Kitchen Bodrum’u ilk kez deneyimleyecek birisi mönüden mutlaka neleri sipariş
etmeli?
Mönüdeki herhangi bir tercihin kesinlikle çok keyifle tüketileceğine eminim. Kitchen Bodrum için buradaki yerel ürünlerle, çok özel tatlarla hazırladığımız bir tadım menüsü mevcut. Bu mönü benim için de oldukça özel. Bir şef ve ekibi olarak Bodrum ve bu bölgede etkilendiğim onlarca farklı şeyi bir araya getirdiğimiz, buraya ait bir anlatı sunduğumuz bir menü.
EN ÇOK ETKİLEYEN ŞEFLER
- Gastronomi dünyasında sizi en çok etkileyen
şefler kimlerdi?
Daniel Humm, Enrico Crippa, Christian Bau, George Blanc…
MUTFAKTA YENİ KEŞİFLER
- Yeme içme akımlaırnı takip etmek, yurt içinde ve
dışında yeni tatlar, mutfaklar keşfetmek… Bunlar hayatınızın ne kadarını
kaplıyor?
Tamamını. Her seyahatimi bu doğrultuda planlıyorum, her gördüğüm yerden tanıştığım insan ilham alıyorum. Beğendiğim şeflerin tüm yeni projeleri dünya gündeminde olanlar, sadece gastronomi değil turizme ilişkin de tüm ayrıntılar hep radarımda. Gastronomiyi çok katmanlı olarak ele almak lazım. Sadece yeme-içme olarak değil. Bu yüzden yeni bir mimari proje, farklı kültürel etkinlikler her daim gözüme ilişebiliyor. Bu gibi şeyler üzerinden de mutfakları, yemek kültürünü tekrar keşfetmiş oluyorsunuz.
ZEYTİNYAĞI TADIM MÖNÜSÜ
- Peki restoranlarınızda yemek yapmanın ötesinde,
misafirlerine nasıl bir deneyim sunuyorsunuz?

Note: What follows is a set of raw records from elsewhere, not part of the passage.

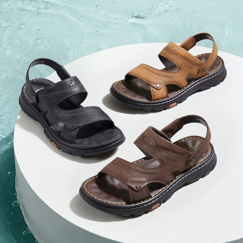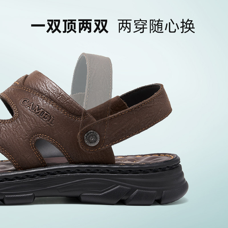 Camel Men's Shoes Head Layer Cow Leather Sandals Men 2023 New Summer Exterior Wearing Cool Tug Dad Genuine Leather Business Beach Shoes-Taobao
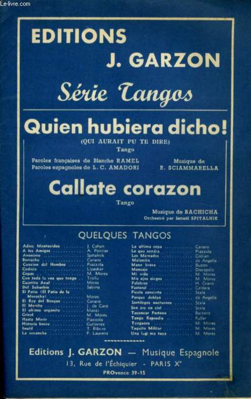 J. GARZON. non daté. In-8. En feuillets. Bon état, Couv. convenable, Dos satisfaisant, Intérieur frais. Non paginé, environ 29 pages. 2 Partitions orchestre en recto verso pour : Saxo Alto Mi Bémol, Contrebasse, Piano, Violon A B et C Bandonéon A B et C. Quelques tâches sur les pages n'altérant pas la lecture de la partition.. . . . Classification Dewey : 780.26-Partitions
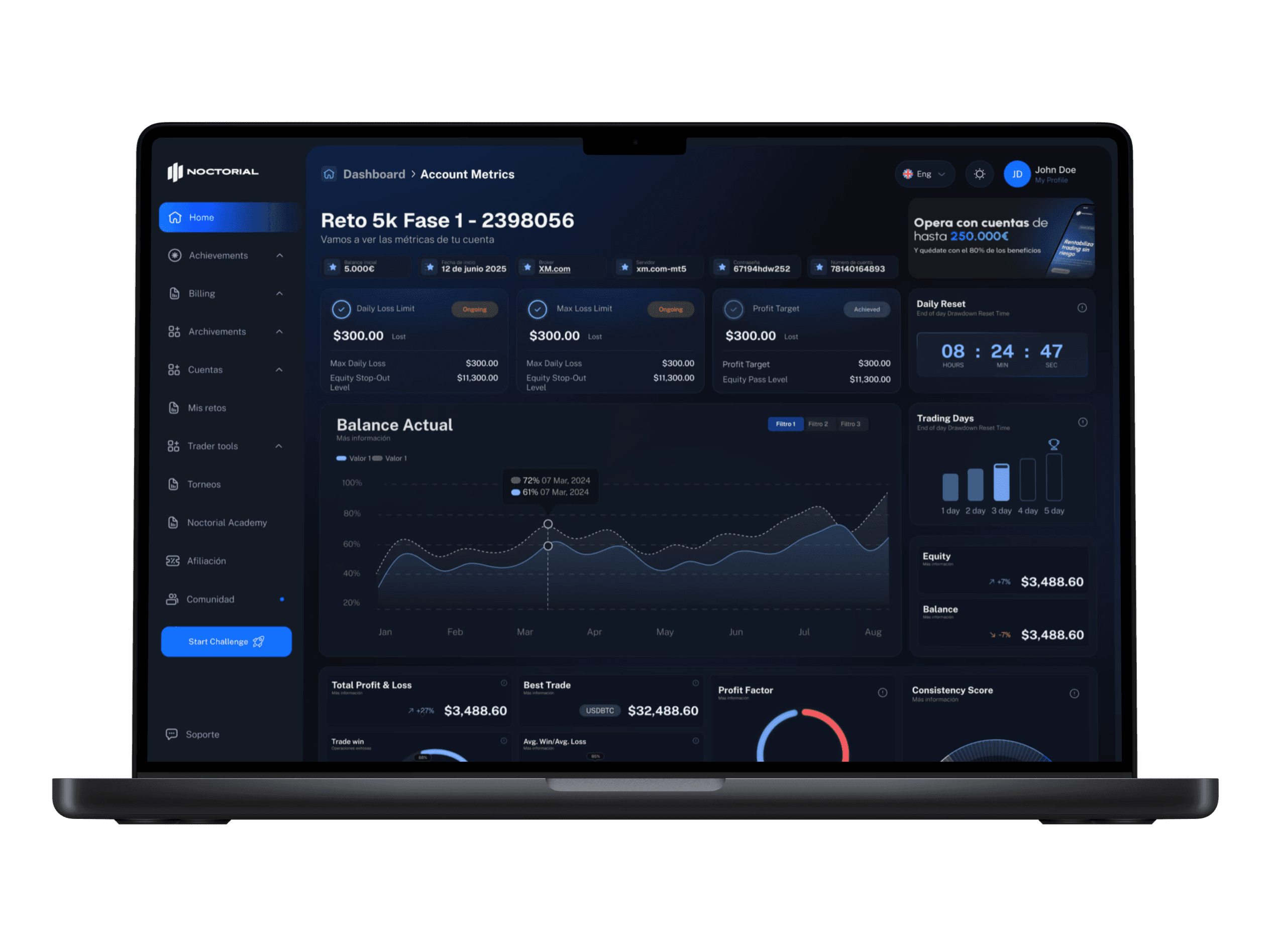 En Noctorial no buscamos traders que arriesgan todo en una operación. Buscamos traders rentables y consistentes. Por eso nuestras normas están diseñadas para ayudarte a desarrollar una estrategia sostenible, proteger tu cuenta y maximizar tus probabilidades de éxito a largo plazo.
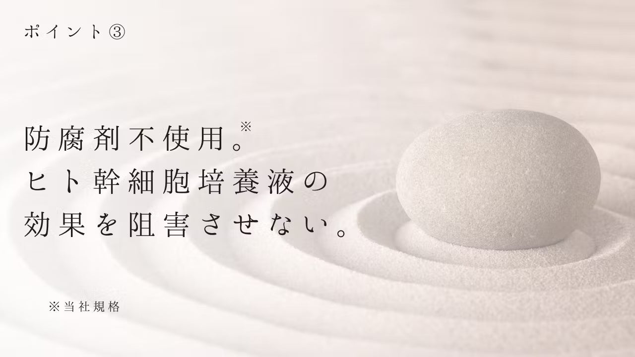 一般的には5%で高濃度と言われるヒト幹細胞培養液を、病院からの直接仕入れと製造会社との密な連携によって最大46%(※)の超高濃度配合に成功。細胞の力を活性化させることで「内側からキレイに」そして「使うほど肌が健康に」なることを目指しています。
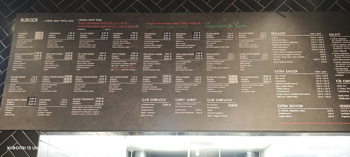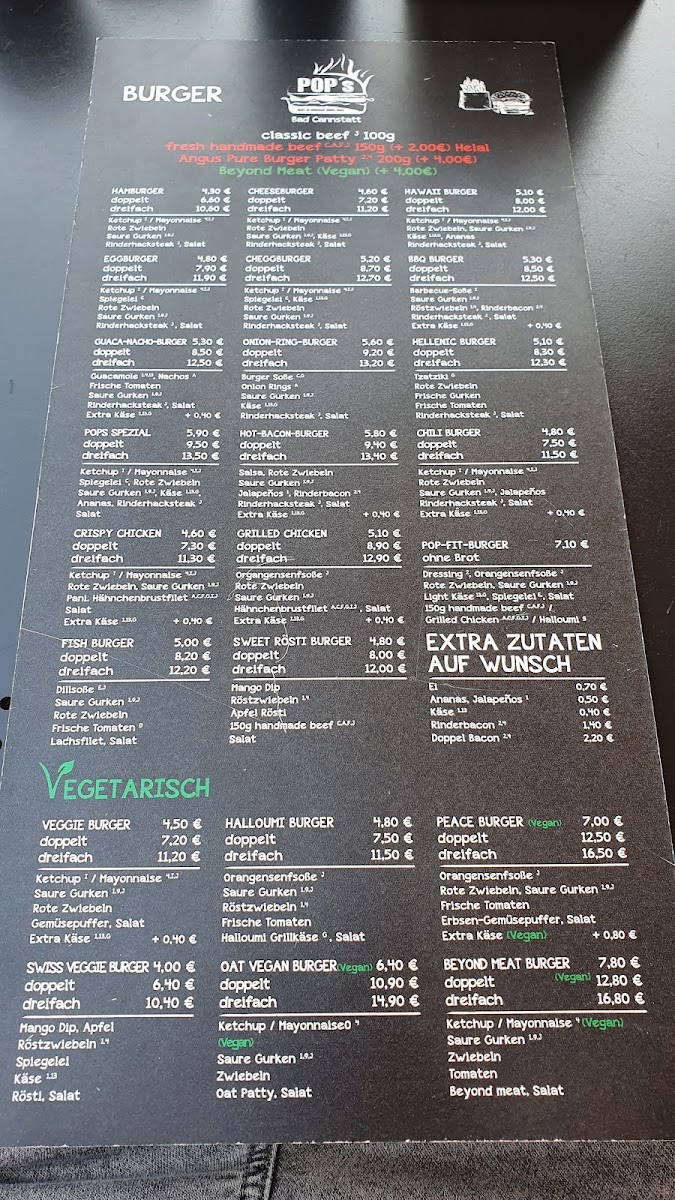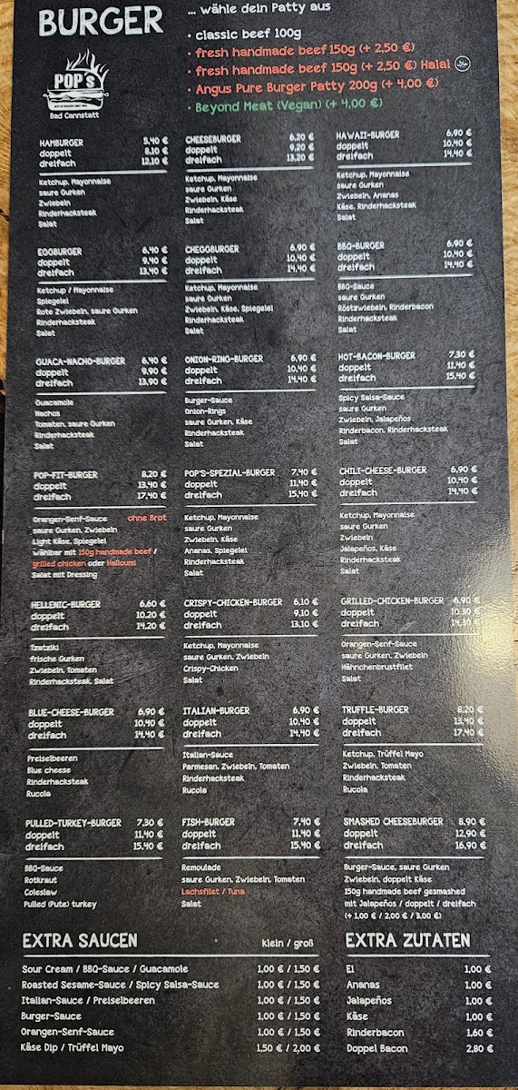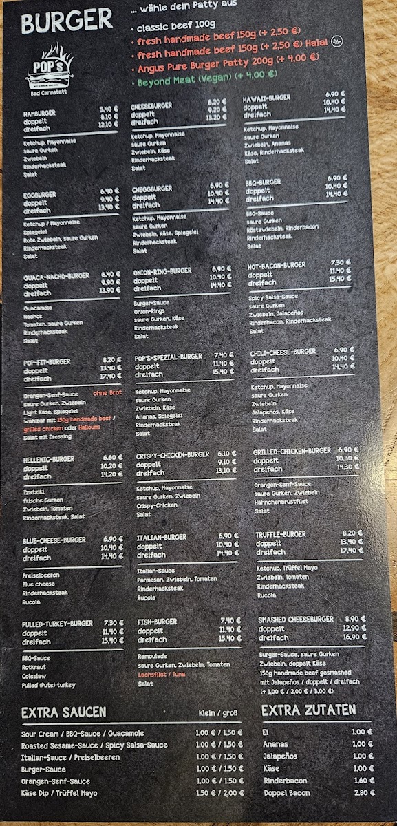 Welcome to Pops Burger Stuttgart, a must-visit destination for burger enthusiasts in the heart of Stuttgart. Located on Wildunger Str. 1 - 4, this vibrant eatery is renowned for its mouthwatering halal burgers, including the crowd-favorite crispy chicken burger. With a focus on flavor, customers rave about the moist patties and perfectly toasted buns that make each bite memorable.
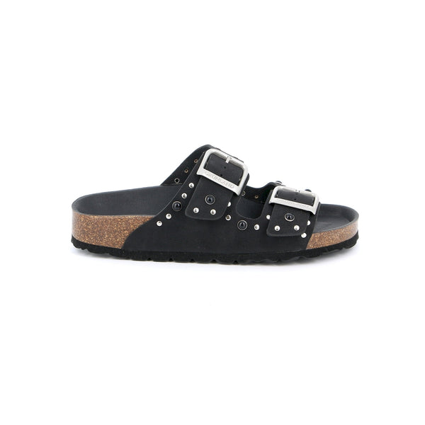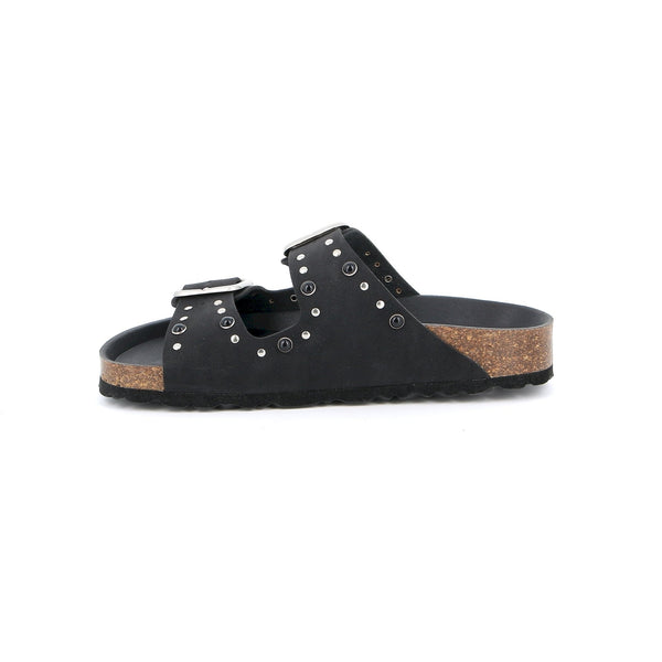 Leggero platform per slanciare la figura e sottopiede re-soft ammortizzante per offrirti il massimo comfort. la nuova linea enny è la versione più glamour e chic delle nostre ciabatte in sughero. il nero non passa mai di moda ed è sempre elegante. ne è la prova questa versione total black con borchie.
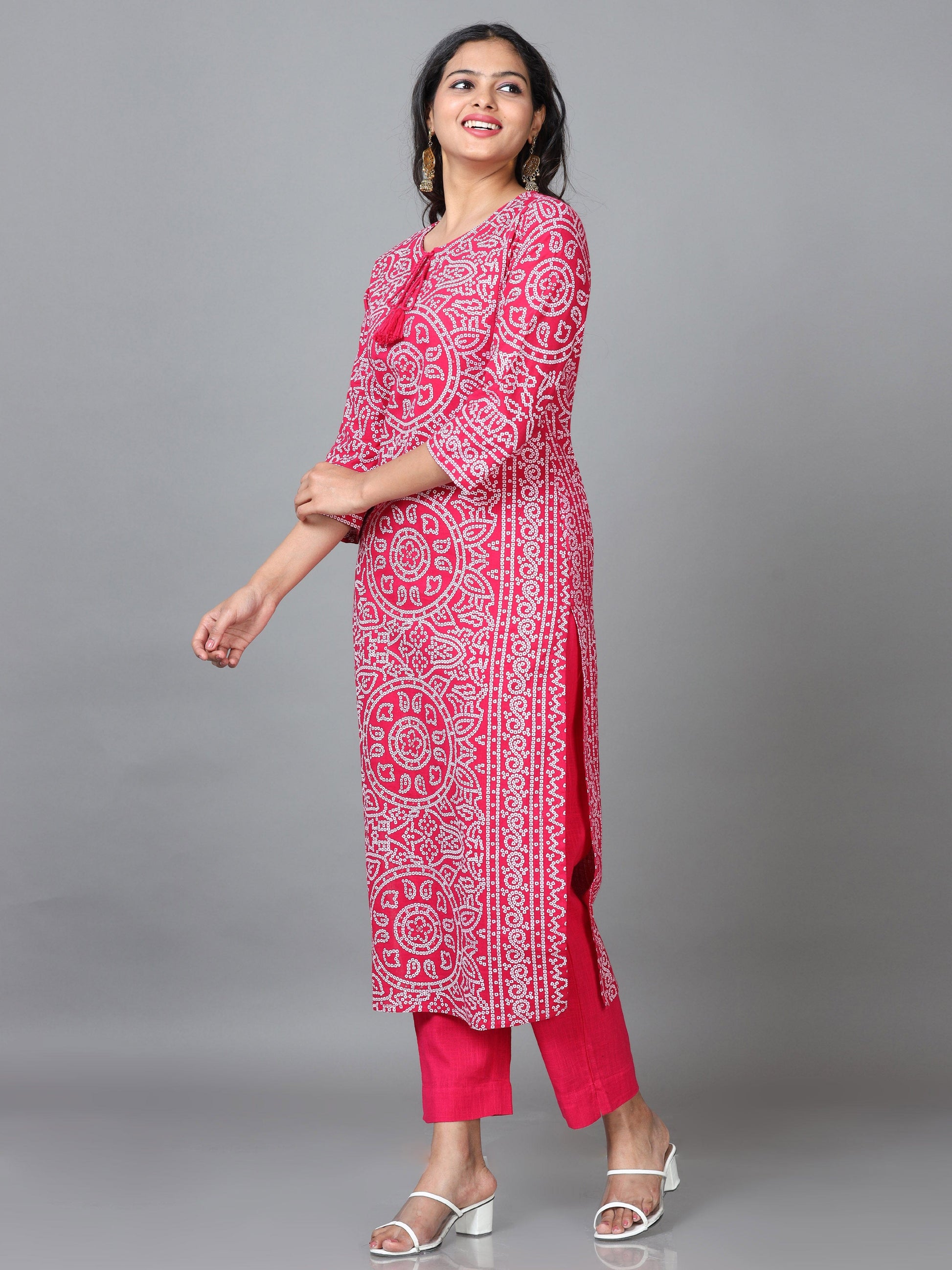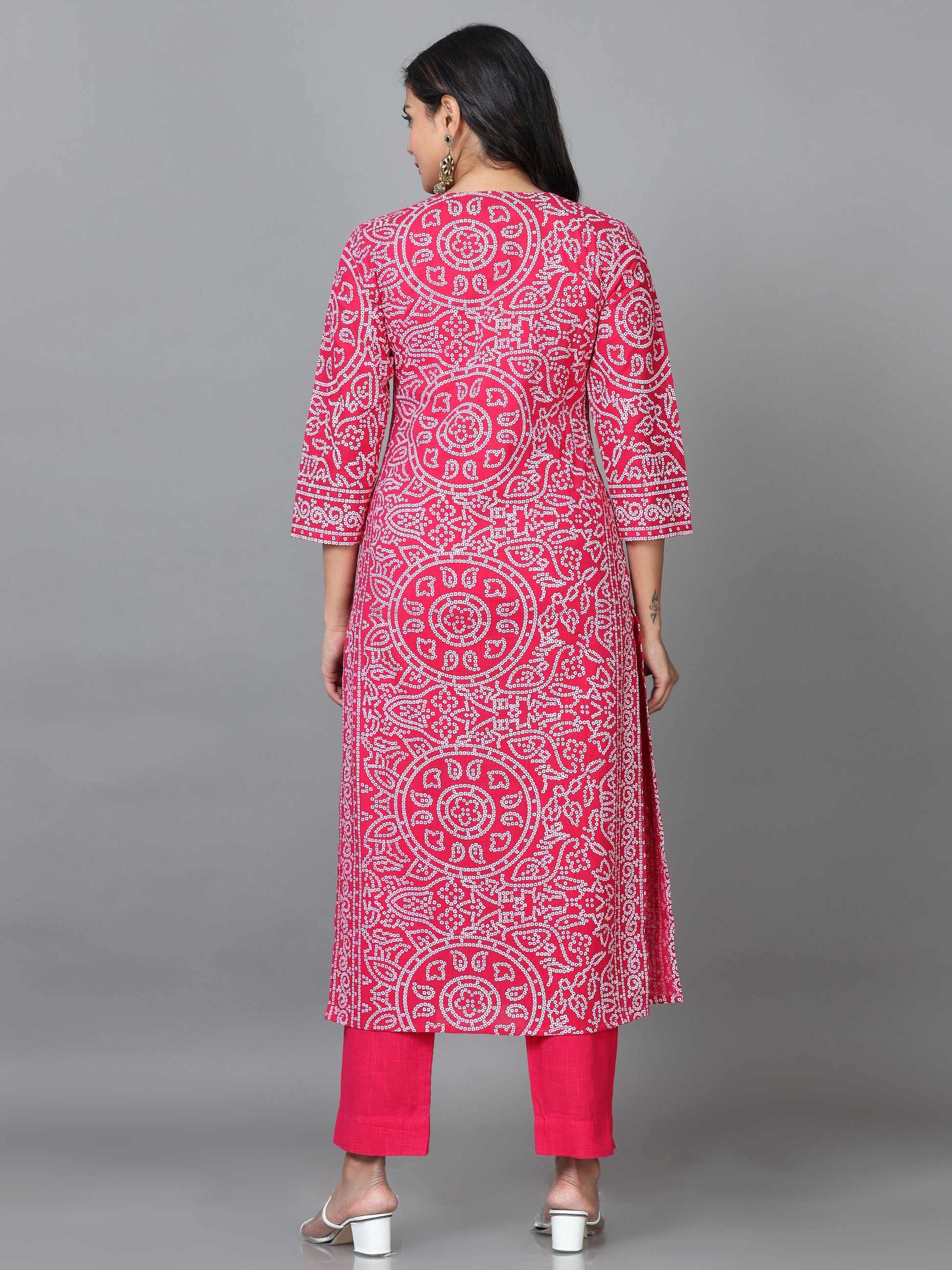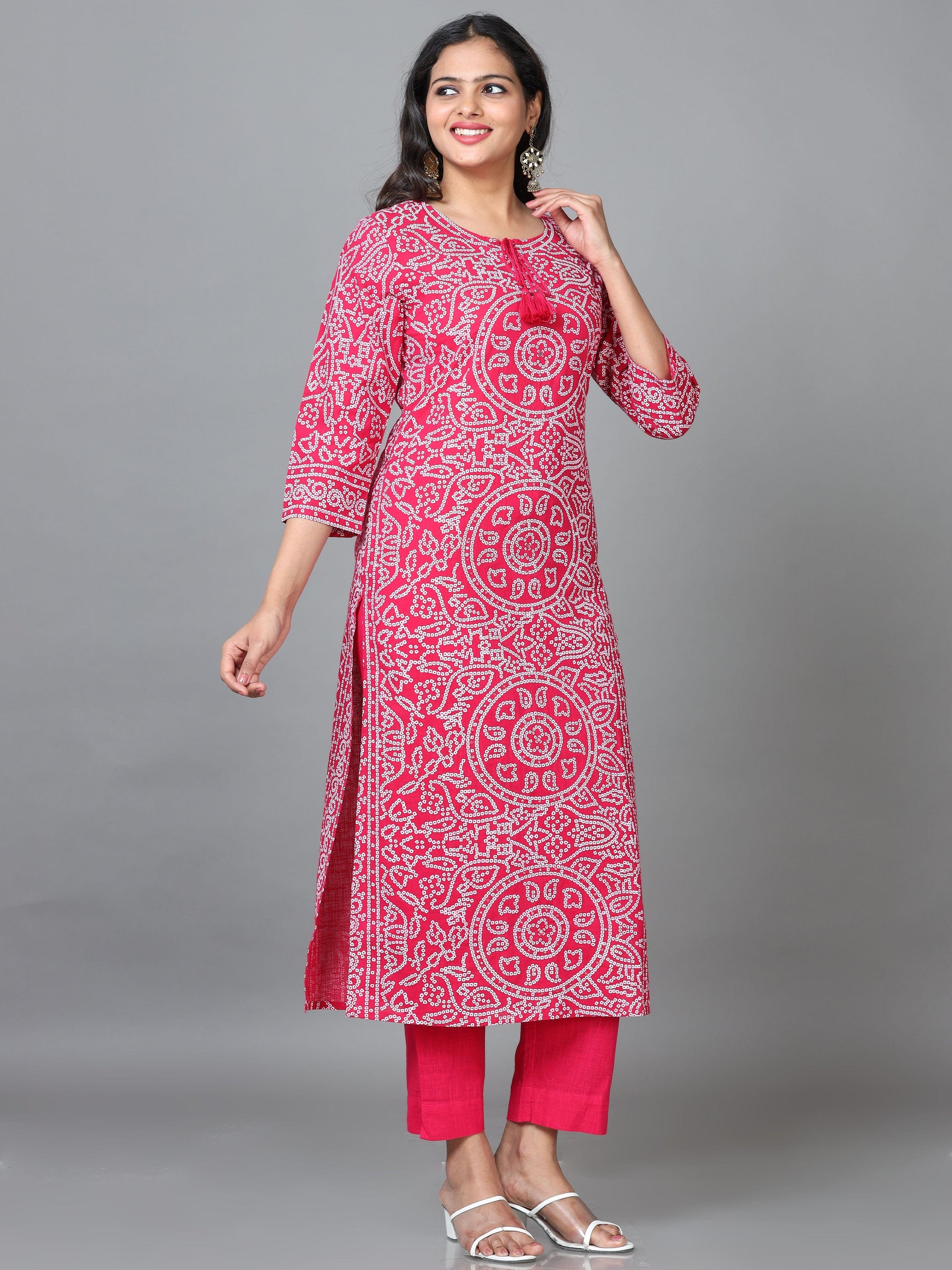 Pink 3/4 Sleeve Cotton Printed Straight calf-long Kurta Set

Ürünler bizim için öncelik, dolayısıyla hangi ürünün nereden geldiği, ne aşamalardan geçtiği bizim anlatmak istediğimiz bir konu. Bulunduğumuz coğrafyadan da bütün bu deneyim için bahsetmek istiyoruz. Ziyaret edilen her restoranımızda, oranın dokusunu ilk bakışta misafirlerimiz deneyimlesin istiyoruz. Örneğin OD Urla’da zeytin ağaçlarının kapladığı çok geniş bir bahçemiz var.
Yemeğinizi içerideki alanın yanı sıra, burada da yiyebiliyorsunuz. Zeytin ağaçları ve zeytin hem bu coğrafya hem de bizim için oldukça önemli. Bu yıl ilk kez, yalnızca bize özgü bir “zeytinyağı tadım menüsü” yaptık. Gerçekten buraya ait olan, özenle seçilmiş farklı zeytin türlerinden üretilen zeytin yağlarını, kendi ürettiğimiz ekmeklerle servis ediyoruz ve özel bir tadım sunuyoruz. Ege’yi zeytinyağı olmadan düşünemeyiz, dolayısıyla hikâyenin bu parçasını da olabildiğince detaylı anlatmak istiyoruz.
- Sizin için iyi bir şef olmak ne anlama geliyor?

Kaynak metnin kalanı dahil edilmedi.